I like the double toy/ball game too and use it a lot for recall training.

Melanie and the gang in Alaska


----------



## jdsd21 (Jun 3, 2008)

Everyone, great responses, thank you. After hearing the negatives of using tennis balls and reading up on it a little, I have ceased using them while playing, thank you for giving me that insight. 

I went out and bought the chuck it rubber balls and have been using the two ball method when playing/training the last few days. It has worked very very well. I have been able to use the second ball to motivate Max to come all the way back to me and drop it, if he doesn't I hide the second ball behind my back which tells him that he hasn't finished bringing me back the first ball yet; he has responded. 
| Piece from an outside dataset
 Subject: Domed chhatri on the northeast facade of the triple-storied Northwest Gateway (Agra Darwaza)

Is there a limit to the commands I can work on during a session of training. In this instance, I command Max to "sit", then I put the ball out to my side and ask him to "Focus" on me, once he makes eye contact I chuck the ball and tell him to "fetch" it, when he gets it and starts running back I tell him to "come" and when he gets to me I ask him to "drop it" before repeating the sequence. I also use the clicker and "good" after each successful job. Are these too many commands for one session, or is Max/GSDs capable of correlating his actions with my multiple commands?


----------



## Kayla's Dad (Jul 2, 2007)

Your dog is about 1 year, right? Samuel's guidelines for adding commands and new items in your training sessions.
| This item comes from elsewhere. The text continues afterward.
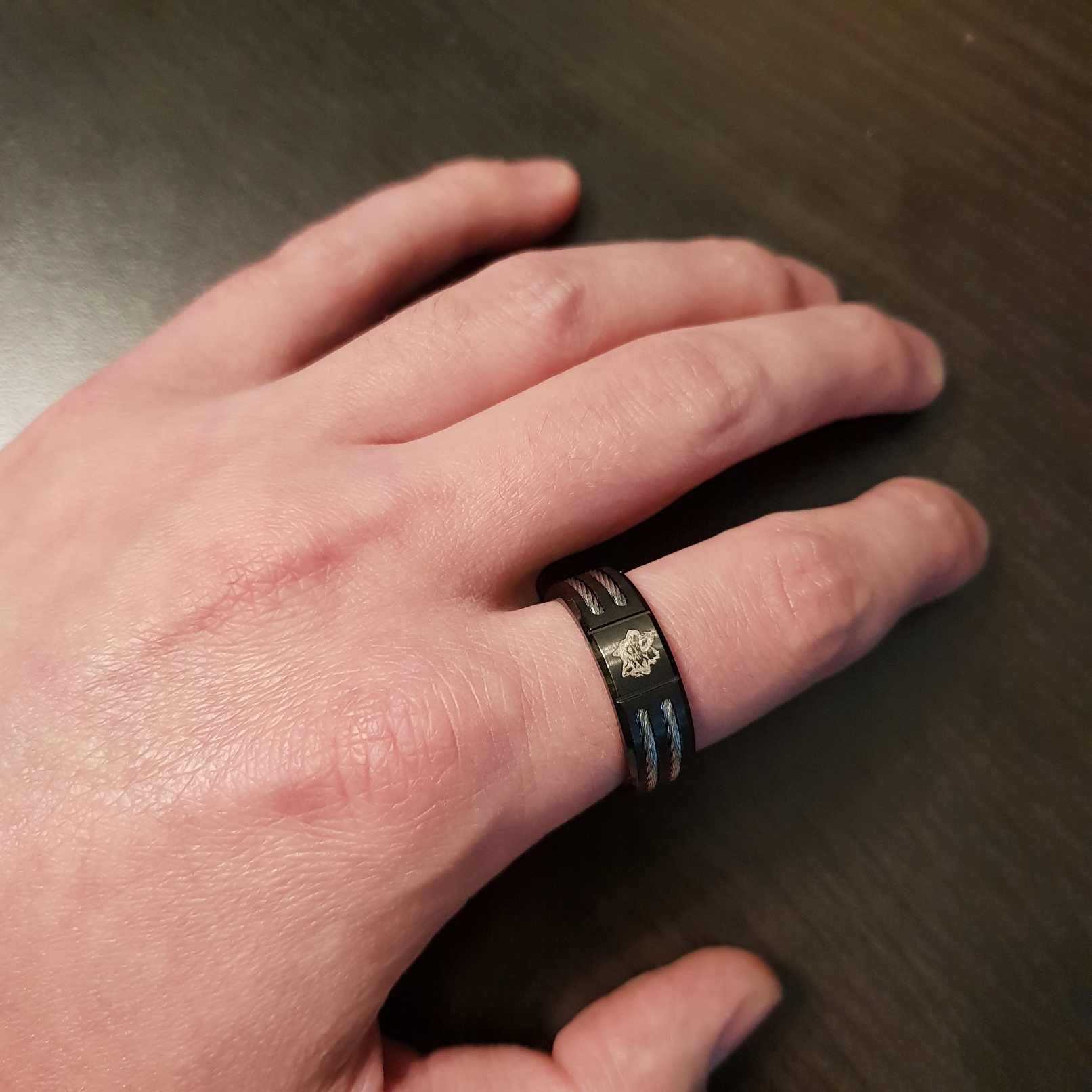 Красива обручка чорного вовка

1.	Keep it simple. When your dog starts to understand one command, add another command. 
2.	Keep it fund
3.	As your dog starts to understand the next command, add the next.
4.	Keep it fun
5.	If the dog starts to not react to a command, step back a notch until he starts to get the previous commands.
6.	Keep it fun
7.	Be sure to distinguish (for you) the sessions of fun, where you also interject commands during play and training sessions where you interject play and motivation while focusing on improving your “team” skills (as opposed to just the dog’s obedience level) in what you are doing.
8.	Keep it fun
9.	Keep your sessions short. Add more sessions per time allotted –your dog is getting old enough where you can put more and more time toward the training sessions. 
10.	<u>*KEEP IT FUN*</u>! And that's for both you and your dog.
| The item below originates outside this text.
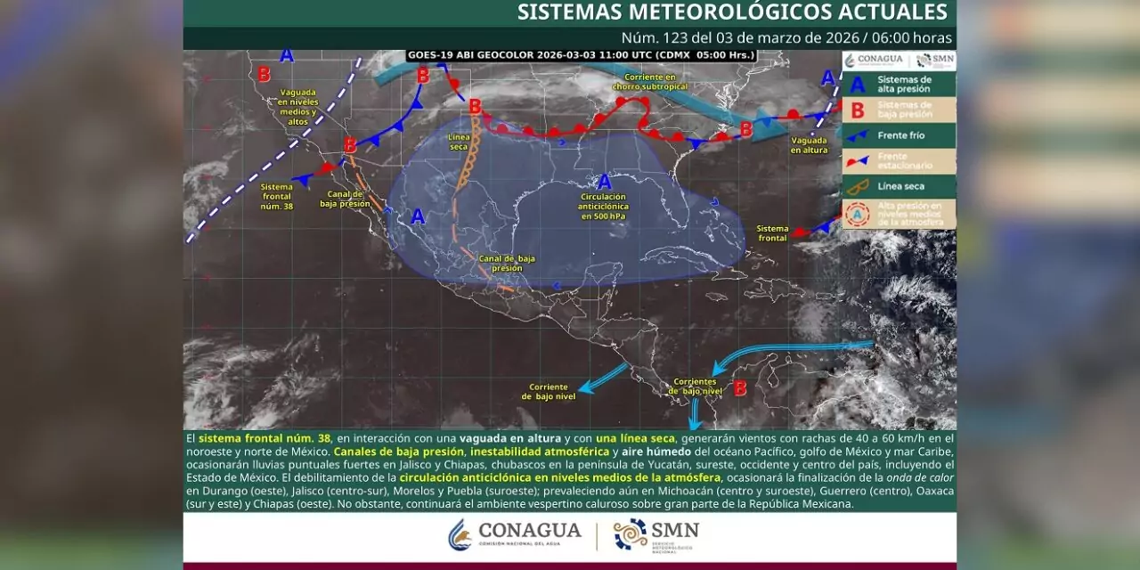 Se prevén lluvias fuertes en Jalisco y Chiapas, rachas de hasta 70 km/h en el Istmo y calor intenso en el sur del paísEl cargo Frente frío 38 activa lluvias y vientos; persiste onda de calor en el sur apareció primero en El Imparcial de Oaxaca.

You need to judge how much you can do/add in a session. Don't push too fast but judge your dog (and you) on when to add another command. I see a lot of unnecessary frustration from different individuals (and I have been in that camp) who think their dogs are getting frustrated and bored or no longer paying much attention. It seems in listening to the rants, the dogs have been so successful and done so well, people start speeding up the lesson plans. Not always the case but I've heard time and time again when the dogs are so intelligent (and ours are!) the humans pick up the pace.

If there seems to be a setback or the dog stops listening on taking in the information, stop and step back a moment. Do a command exercise that you know he will complete succesfully and then stop and play while you evaluate how to proceed and start up later.


----------



## WiscTiger (Sep 25, 2002)

I like toys not a combination of toys and treats.

To teach you dog to come to you on the retrieve, as you dog is coming towards you, start backing up, this keeps you dog moving forward. Also watch your body language, are you bending over at the waist, this body language shuts the dog down.


----------